I don’t want to crush or torment anyone and I won’t; but I know that if I did want to ruin such-and-such a person, my enemy, no one would keep me from doing it, but everyone would be obliging; and again, enough. I wouldn’t even take revenge on anyone. I was always surprised at how James Rothschild could agree to become a baron! Why, what for, when he’s superior to everyone in the world without that? “Oh, let this insolent general offend me at the posting station, where we’re both waiting for horses; if he knew who I was, he’d run to hitch them up himself and jump out and hasten to seat me in my modest tarantass! They wrote that a certain foreign count or baron, at a certain Viennese railway station, before the public, helped a certain local banker into his shoes, and the man was so ordinary that he allowed it. Oh, let her, let this fearsome beauty (precisely fearsome, there are such!)—the daughter of this magnificent and high-born aristocratic lady, having met me by chance on a steamboat or wherever, look askance and, turning up her nose, wonder scornfully how this humble and puny little man with a newspaper or book in his hands could dare to show up beside her in first class! But if she only knew who was sitting next to her! And she will know—she will know, and will sit down next to me, obedient, timid, gentle, seeking my eyes, glad of my smile . . .” I have purposely introduced these early pictures in order to express my idea more vividly, but the pictures are pale and perhaps trivial. Reality alone justifies everything.
They’ll say it’s stupid to live like that. Why not have a mansion, an open house, gather society, exert influence, get married? But what would Rothschild be then? He’d become like everybody else. All the charm of the “idea” would vanish, all its moral force. As a child I had already learned by heart the monologue of Pushkin’s covetous knight; Pushkin never produced a higher idea than that! I’m also of the same mind now.
“But your ideal is too low,” they’ll say with scorn. “Money, riches! A far cry from social usefulness and humane endeavors!”

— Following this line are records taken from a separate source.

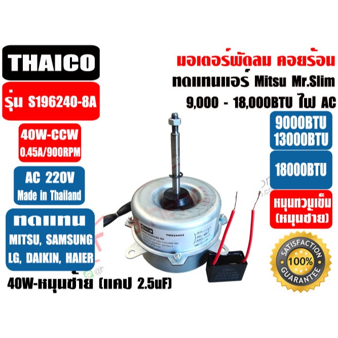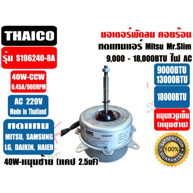 มอเตอร์พัดลม คอยล์ร้อน ทดแทนแอร์ได้หลากหลายยี่ห้อ THAICO ขนาด40W 220V หมุนขวา/ซ้าย และ 60W ขวา/ซ้าย
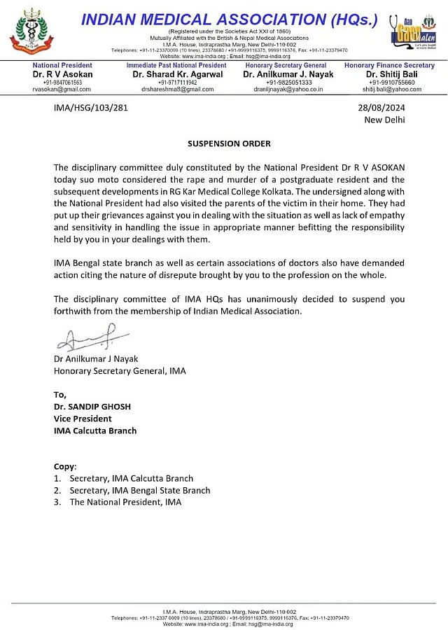 இந்திய மருத்துவ சங்கத்தின் உறுப்பினர் பதவியில் இருந்து ஆர்ஜி கர் மருத்துவக் கல்லூரி மருத்துவமனையின் முன்னாள் முதல்வர் நீக்கப்பட்டுள்ளார்.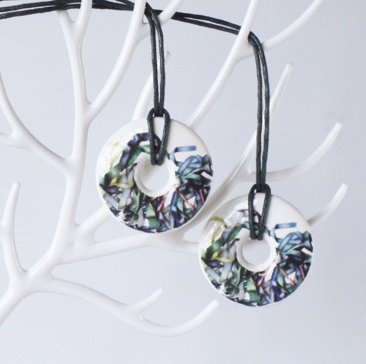 Tousled Ribbon Pattern Donut Shaped Ceramic Pendant on Grey Cord with Clasp
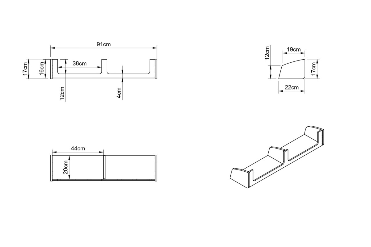 - Abmessungen der Möbel (Länge x Höhe x Tiefe): 92 x 16 x 21 cm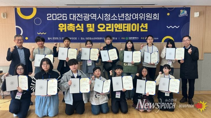 뉴스펀치 이현승 기자 | 대전시는 21일 오전 10시 대전청소년위캔센터에서 ‘대전광역시 청소년참여위원회’ 위촉식을 개최하고, 공개모집 및 심사를 통해 선발된 청소년 14명에게 위촉장을 수여했다.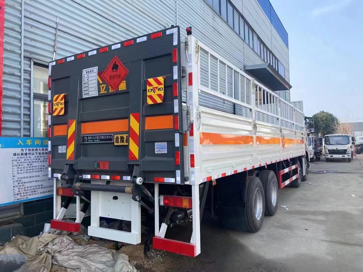 東風天龍前四后八氣瓶車,9.6米貨廂,DDI發(fā)動機,350馬力,2噸液壓尾板。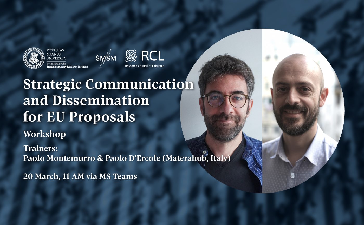 The Vytautas Magnus University Vytautas Kavolis Transdisciplinary Research Institute invites the academic community to a workshop on strategic communication and dissemination for EU proposals.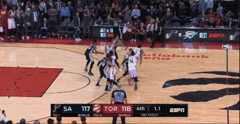 在Leonard完成反超暴扣後,Bertans沒能打進反超進球,Lowry的後場籃板也被判定並未出線,球權重新回到暴龍手中。此時時間還剩下1.1秒,馬刺也只落後1分,還是有機會通過犯規戰術和博三分追平甚至反超的。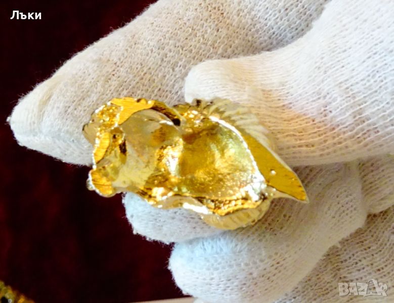 цинк с дебела позлата.Има здрава халкичка за окачване.Представлява поставка за използвана

But who knows how I’ll use my riches? What is immoral, what is low, in having these millions flow out of a multitude of dirty and pernicious Jewish hands, into the hands of a sober and firm ascetic, who keenly studies the world? Generally, all these dreams of the future, all these conjectures—all this is still like a novel now, and maybe I shouldn’t be writing it down; it should have stayed inside my skull; I also know that maybe no one will read these lines; but if anyone does, would he believe that maybe I, too, was unable to endure the Rothschildian millions? Not because they would crush me, but in quite a different sense, the opposite. In my dreams, I had more than once seized on that moment in the future when my consciousness would be too well satisfied and power would seem all too little. Then—not from boredom, and not from aimless anguish, but because I will desire something boundlessly greater—I will give all my millions away to people; let society distribute all my riches, and I—I will once more mingle with nonentity! Maybe I’ll even turn into that beggar who died on the steamboat, with this difference, that they won’t find anything sewn into my rags. The awareness alone that I had had millions in my hands and had flung them into the mud, would feed me in my wilderness like a raven.28 I’m prepared to think so even now. Yes, my “idea” is that fortress in which I can always and in any case hide from all people, be it even like the beggar who died on the steamboat. This is my poem! And know that I need precisely my
They’ll undoubtedly object that this is poetry, and that I’ll never let go of millions, if I’ve got them, and will not turn into a Saratov beggar. Maybe I won’t let go; I’ve merely traced out the ideal of my thought. But I’ll add seriously now: if, in the accumulation of wealth, I should reach the same figure as Rothschild, then it might indeed end with my flinging it to society. (However, it would be hard to do that before the Rothschildian figure.) And I wouldn’t give away half, because then it would be nothing but a banality: I’d only become twice poorer and nothing more; but precisely all, all to the last kopeck, because, having become a beggar, I’d suddenly become twice as rich as Rothschild! If they don’t understand that, it’s not my fault; I won’t explain.